- Information shown
- Opening Delimiter -

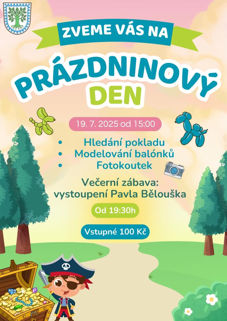 Zveme vás na jedinečnou akci, která slibuje zábavu pro celou rodinu! Odpoledne zahájíme hledáním pokladu, které doplní modelování balónků a možnost pořídit si fotku ve fotokoutku. Na závěr večera se můžete těšit na vystoupení Pavla Bělouška. Nezapomeňte, vstupné je 100 Kč.
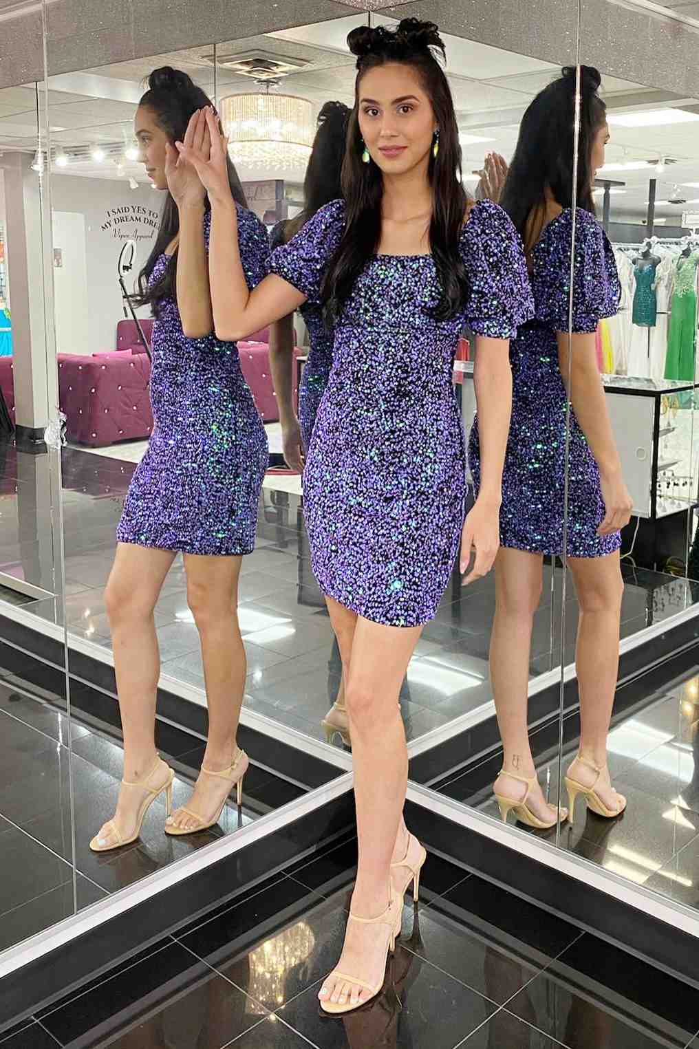 This tight purple short homecoming dress features square neck, short sleeves and zipper back.
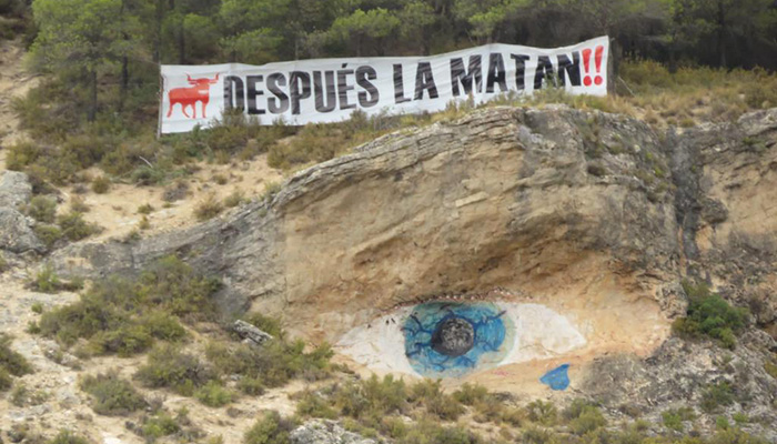 En la pancarta, se aprecia la silueta de una vaquilla, y recalca: ”Después la matan». Desde la Coordinadara creen que el slogan ha sido elegido para evidenciar que todavía hay mucha gente que piensa que los desdichados animales «solo pasan un mal trago», y que luego se les devuelve a su vida, idílica en la dehesa… Nada más lejos de la realidad ya que según recuerdan, la normativa taurina de Castilla – La Mancha, deben ser sacrificadas tras su suelta en las siguientes 12 horas.
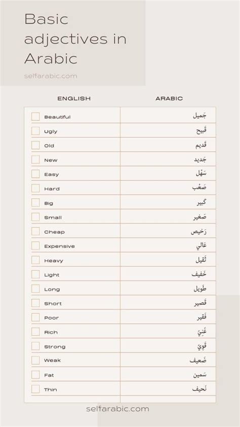 arabic adjectives list pdf

- Closing Delimiter -

- Assignment
The answer must be the data above, repeated exactly, with no pictures.

- Problem solution
 Zveme vás na jedinečnou akci, která slibuje zábavu pro celou rodinu! Odpoledne zahájíme hledáním pokladu, které doplní modelování balónků a možnost pořídit si fotku ve fotokoutku. Na závěr večera se můžete těšit na vystoupení Pavla Bělouška. Nezapomeňte, vstupné je 100 Kč.
 This tight purple short homecoming dress features square neck, short sleeves and zipper back.
 En la pancarta, se aprecia la silueta de una vaquilla, y recalca: ”Después la matan». Desde la Coordinadara creen que el slogan ha sido elegido para evidenciar que todavía hay mucha gente que piensa que los desdichados animales «solo pasan un mal trago», y que luego se les devuelve a su vida, idílica en la dehesa… Nada más lejos de la realidad ya que según recuerdan, la normativa taurina de Castilla – La Mancha, deben ser sacrificadas tras su suelta en las siguientes 12 horas.
 arabic adjectives list pdf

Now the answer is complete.